> **TASK ITEM**
Beginning with the line containing "As soon as the workers" and ending at the last line of the data, set down every line exactly, leaving out all pictures.
(EXERCISE INPUT Opens)
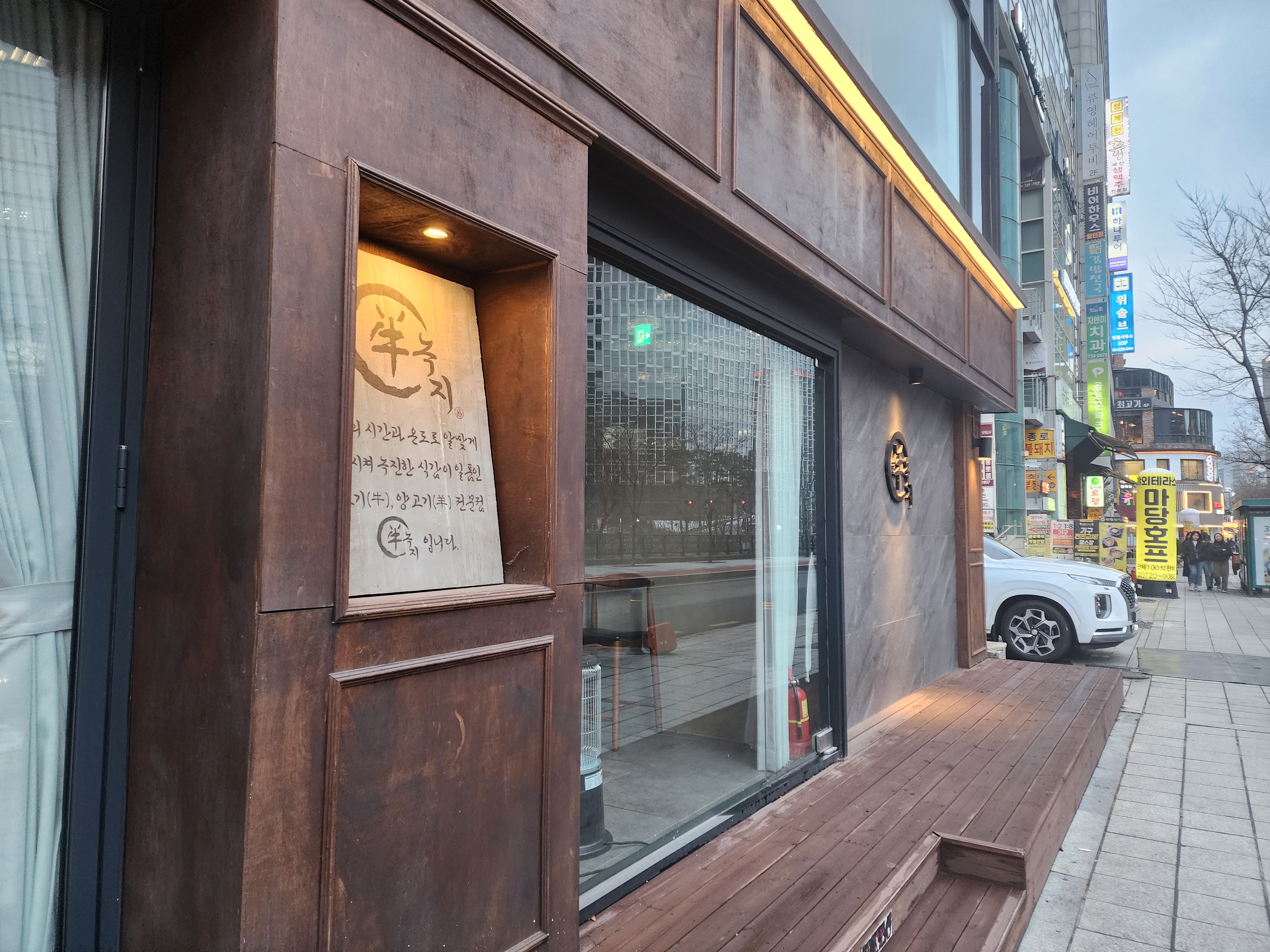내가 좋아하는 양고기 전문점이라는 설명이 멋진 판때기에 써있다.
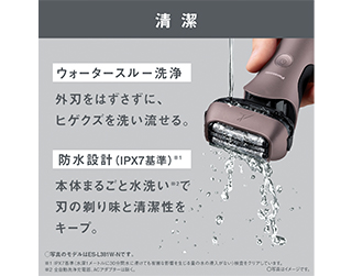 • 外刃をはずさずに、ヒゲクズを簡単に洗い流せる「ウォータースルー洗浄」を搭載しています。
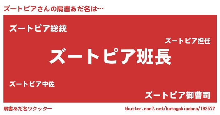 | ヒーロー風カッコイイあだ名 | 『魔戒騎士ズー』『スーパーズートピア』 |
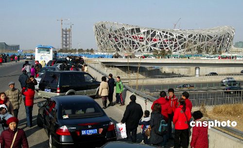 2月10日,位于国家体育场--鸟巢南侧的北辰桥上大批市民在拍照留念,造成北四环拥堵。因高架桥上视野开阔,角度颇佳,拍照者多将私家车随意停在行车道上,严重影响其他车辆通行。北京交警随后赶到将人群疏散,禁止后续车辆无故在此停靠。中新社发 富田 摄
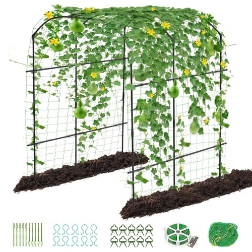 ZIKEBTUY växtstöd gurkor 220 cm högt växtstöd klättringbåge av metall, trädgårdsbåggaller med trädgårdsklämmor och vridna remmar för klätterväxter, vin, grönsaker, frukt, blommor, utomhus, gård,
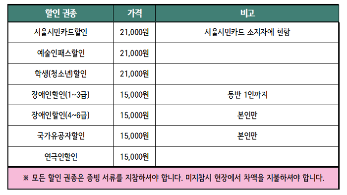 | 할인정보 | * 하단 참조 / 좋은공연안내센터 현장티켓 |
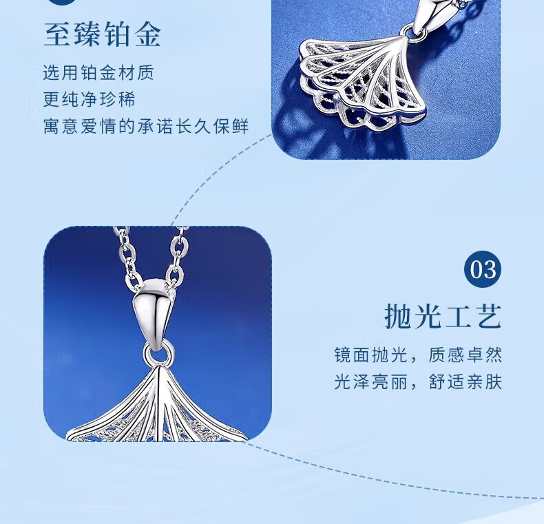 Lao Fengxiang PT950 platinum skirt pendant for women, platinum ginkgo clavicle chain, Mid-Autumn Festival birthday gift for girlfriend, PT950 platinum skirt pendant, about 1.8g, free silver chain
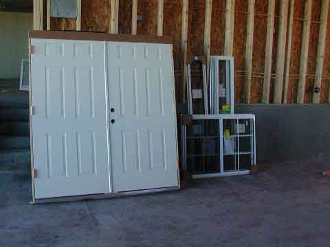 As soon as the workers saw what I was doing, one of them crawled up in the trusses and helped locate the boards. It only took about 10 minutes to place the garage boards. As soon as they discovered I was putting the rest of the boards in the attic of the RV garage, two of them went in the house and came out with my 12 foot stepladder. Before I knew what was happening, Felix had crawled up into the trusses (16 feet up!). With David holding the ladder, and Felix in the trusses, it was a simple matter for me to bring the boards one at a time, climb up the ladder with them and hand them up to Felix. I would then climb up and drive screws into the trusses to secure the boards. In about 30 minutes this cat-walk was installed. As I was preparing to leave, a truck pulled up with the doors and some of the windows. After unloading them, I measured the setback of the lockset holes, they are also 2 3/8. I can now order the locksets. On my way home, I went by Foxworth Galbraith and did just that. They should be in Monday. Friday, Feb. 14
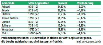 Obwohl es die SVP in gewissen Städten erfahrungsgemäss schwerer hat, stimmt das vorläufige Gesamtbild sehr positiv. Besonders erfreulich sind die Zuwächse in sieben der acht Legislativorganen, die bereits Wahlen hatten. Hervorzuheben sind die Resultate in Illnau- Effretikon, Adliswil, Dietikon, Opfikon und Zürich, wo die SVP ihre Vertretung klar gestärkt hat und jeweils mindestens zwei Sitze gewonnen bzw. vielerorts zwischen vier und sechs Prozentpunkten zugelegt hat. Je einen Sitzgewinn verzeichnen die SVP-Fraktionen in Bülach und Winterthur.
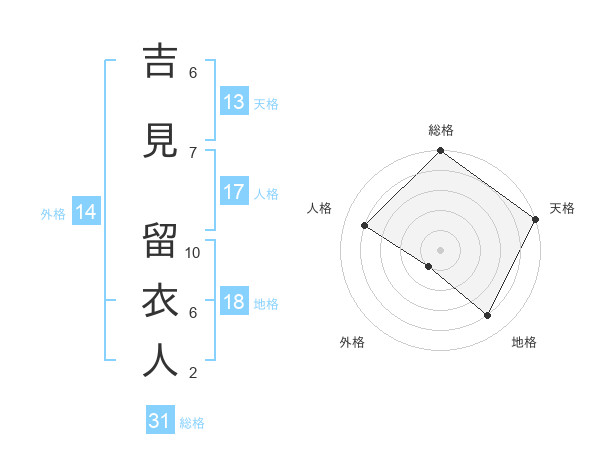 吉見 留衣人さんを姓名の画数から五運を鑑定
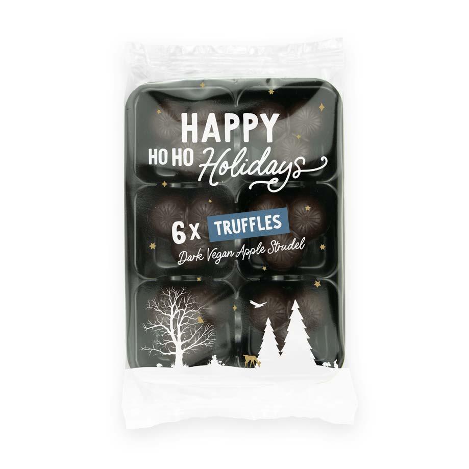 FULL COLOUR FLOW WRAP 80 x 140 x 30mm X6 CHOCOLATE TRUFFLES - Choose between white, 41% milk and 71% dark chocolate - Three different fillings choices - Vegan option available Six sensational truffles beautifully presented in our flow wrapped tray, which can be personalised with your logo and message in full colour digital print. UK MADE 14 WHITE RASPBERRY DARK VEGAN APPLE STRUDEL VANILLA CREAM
(EXERCISE INPUT Closes)
> **YOUR SOLUTION**
 As soon as the workers saw what I was doing, one of them crawled up in the trusses and helped locate the boards. It only took about 10 minutes to place the garage boards. As soon as they discovered I was putting the rest of the boards in the attic of the RV garage, two of them went in the house and came out with my 12 foot stepladder. Before I knew what was happening, Felix had crawled up into the trusses (16 feet up!). With David holding the ladder, and Felix in the trusses, it was a simple matter for me to bring the boards one at a time, climb up the ladder with them and hand them up to Felix. I would then climb up and drive screws into the trusses to secure the boards. In about 30 minutes this cat-walk was installed. As I was preparing to leave, a truck pulled up with the doors and some of the windows. After unloading them, I measured the setback of the lockset holes, they are also 2 3/8. I can now order the locksets. On my way home, I went by Foxworth Galbraith and did just that. They should be in Monday. Friday, Feb. 14
 Obwohl es die SVP in gewissen Städten erfahrungsgemäss schwerer hat, stimmt das vorläufige Gesamtbild sehr positiv. Besonders erfreulich sind die Zuwächse in sieben der acht Legislativorganen, die bereits Wahlen hatten. Hervorzuheben sind die Resultate in Illnau- Effretikon, Adliswil, Dietikon, Opfikon und Zürich, wo die SVP ihre Vertretung klar gestärkt hat und jeweils mindestens zwei Sitze gewonnen bzw. vielerorts zwischen vier und sechs Prozentpunkten zugelegt hat. Je einen Sitzgewinn verzeichnen die SVP-Fraktionen in Bülach und Winterthur.
 吉見 留衣人さんを姓名の画数から五運を鑑定
 FULL COLOUR FLOW WRAP 80 x 140 x 30mm X6 CHOCOLATE TRUFFLES - Choose between white, 41% milk and 71% dark chocolate - Three different fillings choices - Vegan option available Six sensational truffles beautifully presented in our flow wrapped tray, which can be personalised with your logo and message in full colour digital print. UK MADE 14 WHITE RASPBERRY DARK VEGAN APPLE STRUDEL VANILLA CREAM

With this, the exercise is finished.